RNA polymerase beta-subunit (rpoB) sequences of B. velezensis (CP000560.2, CP006890.1), B. amyloliquefaciens (FN597644.1, CP002627.1), B. subtilis (NC000964.3), B. pumilus (CP027034.1), B. licheniformis (NC006270.3) and B. altitudinis (CP009108.1, AP025262.1) were obtained from the GenBank genome database. The phylogenetic tree was constructed using the neighbor-joining algorithm and maximum likelihood analyses, with bootstrap values calculated from 1,000 replicate runs using the routines included in MEGA software.

We followed the methods of Wang et al. (2020) for electrotransformation and transformants screening. The wild type B. velezensis XS142 competent cells were prepared as follows. Briefly, single colony of B. velezensis XS142 was cultured overnight in 2 mL KB medium at 28°C with 200 rpm/min. Five hundred microliters of the overnight B. velezensis XS142 was taken into a 250 mL triangular flask containing 50 mL KB medium at 28°C with 200 rpm/min for 2–3 h. Subsequently, the bacterial cells were centrifuged at 4°C and 5,000 × g for 15 min, followed by addition of a small amount of ultra-pure water (sterilized and pre-cooled). The cells were re-suspended and centrifuged. Then, the bacterial cells were re-suspended with 10% glycerol solution, and 40 μL aliquots of the bacterial cell suspension were placed in each 1.5 mL centrifuge tube. The B. velezensis XS142 competent cells were stored at −80°C for future use.

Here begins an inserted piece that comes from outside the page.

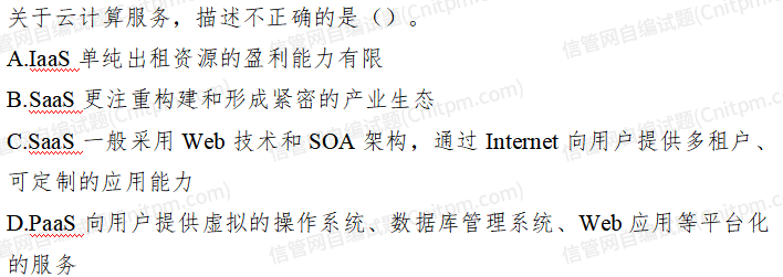 关于云计算服务,描述不正确的是()。A.IaaS单纯出租资源的盈利能力有限B.SaaS更注重构建和形 - JRS直播
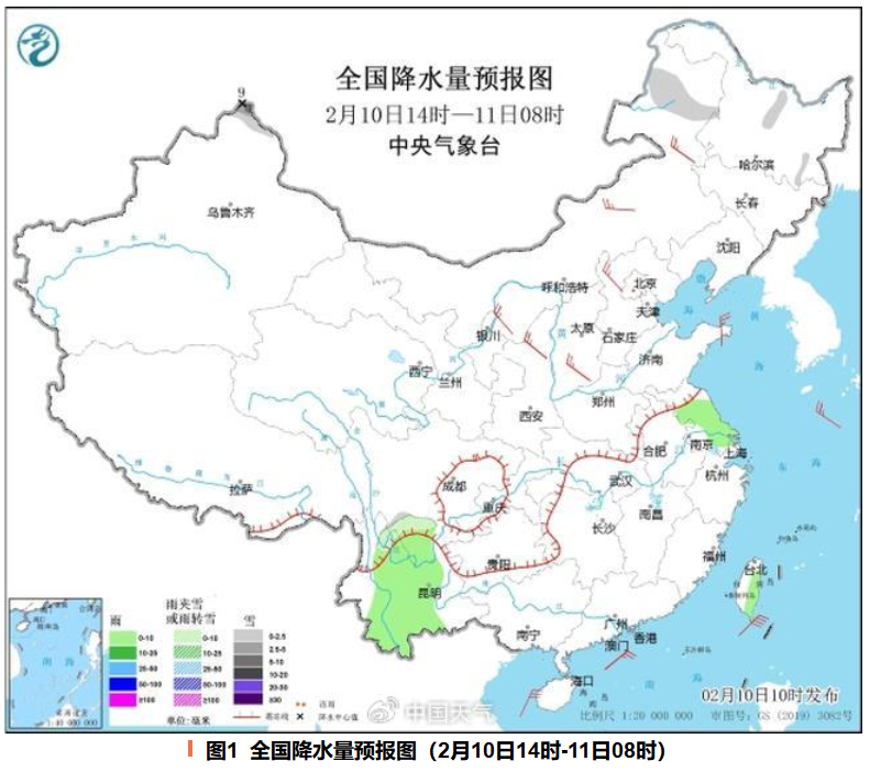 10日下午至夜间,新疆北部、内蒙古东北部、黑龙江北部和东南部、川西高原南部、云南西北部等地部分地区有小到中雪或雨夹雪,新疆北部局地大雪(见图1);四川南部、云南大部、江苏中南部等地的部分地区有小雨。

The purified pHT-315 gfp plasmid was given by Prof. Zeng of Tarim University. Two microliters of the pHT-315 gfp plasmid was added to the competent cells in a 1 mm electrode cup. The electric shock was used with a shock parameter of 1.8 kV for 5–6 ms. One milliliter of SOC liquid medium was added to the electrode cup immediately after the shock, and the cells were resuscitated for 1 h at 28°C with 150 rpm/min. The 200 μL of transformed product was spread on the KB medium with 100 μg/mL erythromycin and cultured overnight in a 28°C incubator. The transformant of XS142-GFP was screened and verified with PCR and double digestion (ECOR I+ Hind III). XS142-GFP was compared with wild type XS142 in growth rate, genetic stability, fluorescence intensity and antagonistic activity.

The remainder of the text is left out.